I’m interested in this, too, as well as any white paper discussing the differences between the two architectures. OS messages indicate that it things all 6 cores are identical. To use Denver versus standard(?) armhf cores, do establish a corelock/assignment in our source code? How can one tell which cpu is which, 0-5?
I have noticed that the Denver cores always seem to be allocated as CPU 1 and 2 while the A57 cores are 0, 3, 4, and 5. Looking at /proc/cpuinfo only shows the A57 cores and dmesg shows that CPU1 and CPU2 are shutdown during boot around the 16.8 second mark.
It appears that the TX2 default boots with the 4 A57 cores running at the full 2GHz and Denver2 cores disabled, if I had to guess why I would say its because Linux can’t take advantage of these cores.
I guess the first thing is to actually enable the cores.
The Denver cores run the same ARM user-space code as the A57 cores, but do so allegedly slightly faster.
If you want to run on a particular core, you can set CPU affinity for the processes or threads of interest.

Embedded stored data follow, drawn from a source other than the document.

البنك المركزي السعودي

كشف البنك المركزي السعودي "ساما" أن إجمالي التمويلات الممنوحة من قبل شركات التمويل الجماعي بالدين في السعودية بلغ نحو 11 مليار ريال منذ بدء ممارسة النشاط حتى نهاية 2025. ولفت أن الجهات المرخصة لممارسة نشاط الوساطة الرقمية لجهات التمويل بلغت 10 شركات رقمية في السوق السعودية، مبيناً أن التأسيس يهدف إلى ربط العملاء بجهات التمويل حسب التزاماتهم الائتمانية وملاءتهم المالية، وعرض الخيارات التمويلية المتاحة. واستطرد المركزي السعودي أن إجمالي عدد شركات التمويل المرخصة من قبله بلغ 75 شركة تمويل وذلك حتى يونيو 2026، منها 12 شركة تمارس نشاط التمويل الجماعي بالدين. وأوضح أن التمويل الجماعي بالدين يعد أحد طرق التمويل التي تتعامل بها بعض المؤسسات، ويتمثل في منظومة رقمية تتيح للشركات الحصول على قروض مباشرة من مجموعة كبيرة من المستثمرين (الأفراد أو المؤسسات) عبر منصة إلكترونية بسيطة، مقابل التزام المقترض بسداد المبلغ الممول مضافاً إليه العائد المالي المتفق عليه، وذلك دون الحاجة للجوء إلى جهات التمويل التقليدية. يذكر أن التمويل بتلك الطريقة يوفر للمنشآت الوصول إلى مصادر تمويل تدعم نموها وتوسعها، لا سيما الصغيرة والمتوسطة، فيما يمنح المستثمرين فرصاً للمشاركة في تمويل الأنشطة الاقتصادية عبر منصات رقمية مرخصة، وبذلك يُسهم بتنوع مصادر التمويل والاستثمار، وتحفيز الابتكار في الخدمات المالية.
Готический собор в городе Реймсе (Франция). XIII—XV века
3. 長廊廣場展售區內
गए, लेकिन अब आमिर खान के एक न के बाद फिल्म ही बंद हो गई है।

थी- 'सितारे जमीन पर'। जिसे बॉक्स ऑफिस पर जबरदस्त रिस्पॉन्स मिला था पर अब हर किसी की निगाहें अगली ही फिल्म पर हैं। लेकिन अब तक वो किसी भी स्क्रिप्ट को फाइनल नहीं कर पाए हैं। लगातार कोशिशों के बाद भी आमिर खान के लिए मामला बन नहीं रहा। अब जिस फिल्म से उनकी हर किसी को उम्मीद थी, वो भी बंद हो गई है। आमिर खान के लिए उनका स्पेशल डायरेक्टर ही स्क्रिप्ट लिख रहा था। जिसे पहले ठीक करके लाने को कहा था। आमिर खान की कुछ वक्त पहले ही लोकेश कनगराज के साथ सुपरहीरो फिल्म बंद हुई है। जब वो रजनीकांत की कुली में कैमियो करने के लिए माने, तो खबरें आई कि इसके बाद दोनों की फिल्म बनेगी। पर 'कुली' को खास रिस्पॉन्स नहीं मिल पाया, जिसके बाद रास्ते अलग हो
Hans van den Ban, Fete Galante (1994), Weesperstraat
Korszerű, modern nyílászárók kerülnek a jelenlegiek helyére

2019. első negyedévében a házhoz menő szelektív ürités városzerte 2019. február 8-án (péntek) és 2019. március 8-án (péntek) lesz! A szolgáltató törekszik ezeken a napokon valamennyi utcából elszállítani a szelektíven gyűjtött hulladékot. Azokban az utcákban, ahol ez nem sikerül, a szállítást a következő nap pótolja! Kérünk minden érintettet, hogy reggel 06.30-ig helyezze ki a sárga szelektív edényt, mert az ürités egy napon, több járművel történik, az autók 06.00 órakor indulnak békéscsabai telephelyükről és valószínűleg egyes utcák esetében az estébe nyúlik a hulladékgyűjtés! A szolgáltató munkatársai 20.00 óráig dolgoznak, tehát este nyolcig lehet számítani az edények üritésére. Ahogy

You also need to use nvpmodel to actually turn on the denver cores:
sudo nvpmodel -m 0
You can find the different models described in /etc/nvpmodel.conf
Note that you cannot turn off core 0, which is one of the A57 cores, so the best you can do is run on CPU 0, 1, 2, and lock threads to 1/2 to make sure you run your code on Denver.
Thanks for that! the Denver cores are showing up now.

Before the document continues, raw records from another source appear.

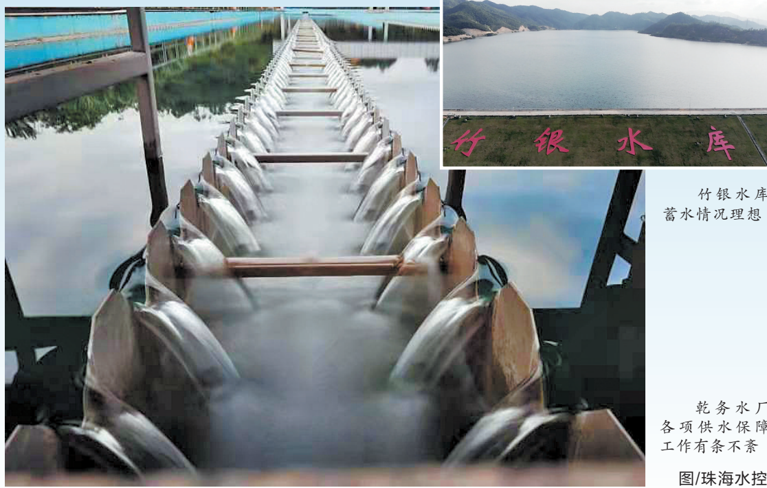
竹银水库蓄水情况理想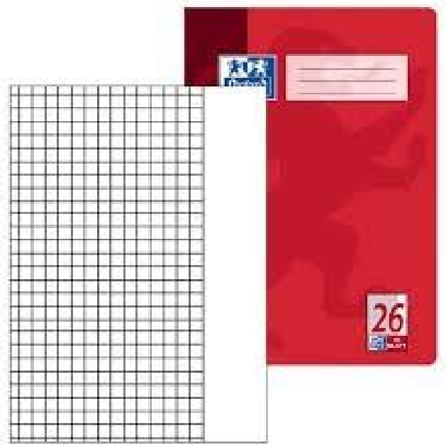
Quadratische Kästchen und Rand!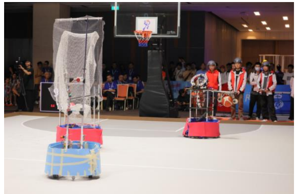
圖二至六：「全港大專生機械人大賽 2025」吸引逾 200 名來自八間大專院校的學生，以自主設計的機械「籃球員」上場競技，展示傳球及投籃等高難度動作。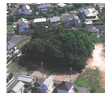
上空から見た丸塚古墳

5世紀前半に築造された全長104mの前方部が短い帆立貝形前方後円墳です。前方部から大型の家形埴輪が出土しています。久津川車塚古墳の被葬者の地域支配を支えた有力者の墓と考えられます。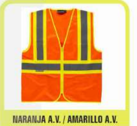
NARANJA A.V. / AMARILLO A.V.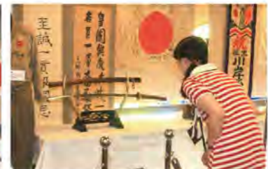
終戦から終戦直後の日本軍や外国軍の資料展示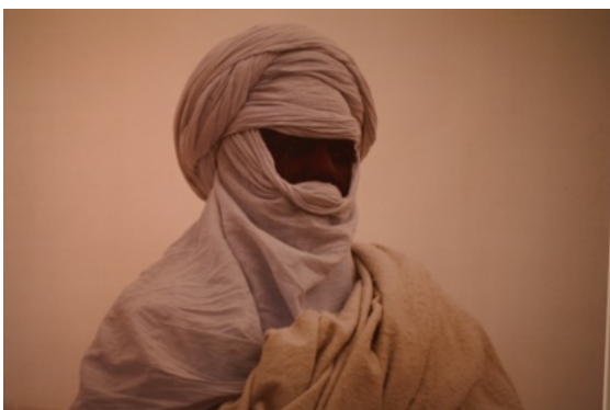
Een Toeareg verwelkomt in het tentenkamp

Na een prachtig bezoek aan Libië met zijn groots verleden en prachtige sites vetrekken we voor een groote 5 daagse avonturentocht door de Libiëse woestijn. Vanuit Tripoli rijden we richting Ghadames , “Parel van de woestijn” genoemd. Ons bezoek begint in het plaatselijk museum met vele voorwerpen uit de Toearegse beschaving, de triomfboog, de resten van Romeinse zuilen enz. Tijdens de wandeling door de oude stad vertelt de gids o.a. over de deuren der huizen, de kleurrijke stukjes stof of leder erop aangebracht, (rood, geel, groen) tonen ons hoe dikwijls de bewoners op bedevaart naar Mekka geweest zijn. We stappen voorbij de Moskee, komen voorbij een waterbron (water 32 °); op het einde van ons bezoek verlaten we de mooie oude stad langs één der zeven oude stadpoorten. In de vooravond trekken we naar de woestijn, voor een prachtige zonsondergang. We sluiten de dag af met een folklorische avond, op het voorplein van de plaatselijke moskee, waar we een typische Toearegse dansavond meemaken (de vrouwenpersonages worden door mannen vertolkt).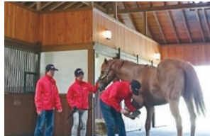
当牧場が誇るスタリオン厩舎。ファンに人気のゴールドシップなどが管理されています。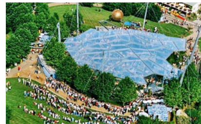
Das Gelände auf dem Mainzer Lerchenberg umfasst 90 000 m²

I noticed the nvpmodel 0 has all the cores enabled and has them set to a clock of 2GHz along with the GPU set to 1.3GHz, I would assume this falls outside the allowed TDP of ~7.5W with no fan (but less than the ~15W maximum package TDP) so I guess I will just run it with the fan on always to stay safe.

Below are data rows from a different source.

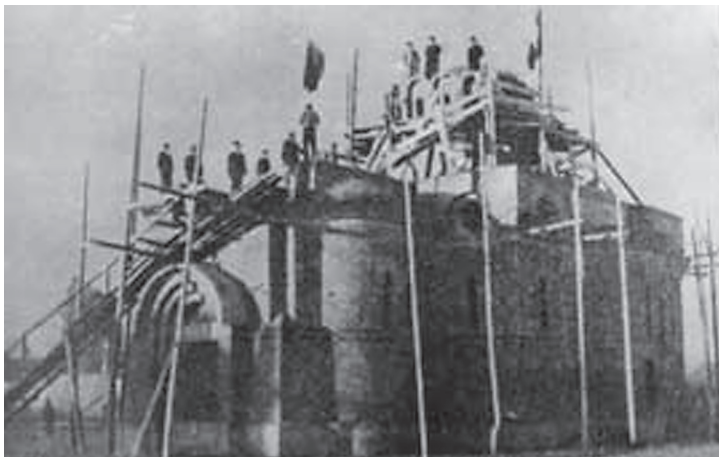
Изградња храма „Свете Тројице“ крајем 30-их година XX века

Радови су трајали четири године. Међутим, избијањем Априлског рата 1941. године и окупацијом југословенског државног простора морали су бити обустављени. До тада је здање храма било довршено „у грубим радовима“, покривено оловним плочама, а на врху звоника уграђен је златни крст. 26 Према изјави почившег патријарха Српске православне цркве, Павла, из 1990. године, у времену до 6. априла 1941. године део костију српских и црногорских ратника сахрањених у околини Ђаковице био је пренешен у крипту храма. 27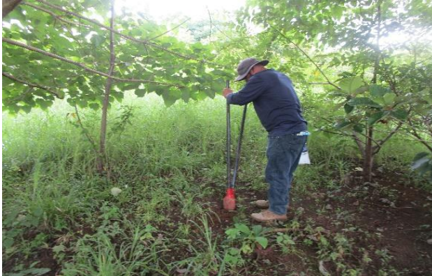
Foto N°2: Prospección Arqueológica- Inicio en el Proyecto Lotificación Hidden Beach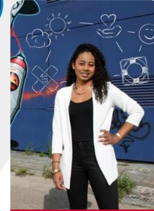
Health & Social Work

Am I correct in assuming that if I run regular ARM code specifically on the Denver cores it will be using the hardware to translate the instructions to VLIW before being executed? is there any way I can write VLIW specific code rather than relying on this?
The NVIDIA developer board has a fan controller that starts the fan based on actual temperature, so if you’re using that, you’ll be fine.
If you have a board where the fan control is manual, and you expect to actually be using the GPU and many CPU cores at the same time, yes, turning on the fan is a good idea!
Modern cores of high-performance architectures (x86, x86/64, POWER, ARM, and so forth) are not strictly “VLIW” or “RISC” or “CISC” or any one implementation mechanism. They mix and match concepts for different parts of the execution engine, so as to get the best bang for the buck. In front of all that, sits the instruction fetch, decode, and retirement functions, which make sure that, to the programmer, the CPU looks like the architecture manual says it looks.
No, you cannot program the internals of how the chip is designed to fetch, decode, execute, and retire instructions directly. That’s largely determined by hard-wired logic, and sometimes also by a bit of microcode, and microcode is not publicly available/documented.
If you want an interesting execution model to bite into, I think the modern CUDA model is quite exotic and powerful enough :-) And it’s reasonably well supported on the Jetson, with sm62 level support.
I have a related question. If one wants to take advantage of the Denver cores specific processing, does one use a different compiler?
So far as I know Denver cores behave as an A57 once their microcode is loaded. I doubt the o/s cares if the core was created purely in hardware versus being updated via microcode. What makes it different is that microcode can change the core.
No. Denver looks like an ARM core. It follows the ARM programming model. It is ARM. You use it by programming in ARM instructions, and setting the power model to make sure they are turned on.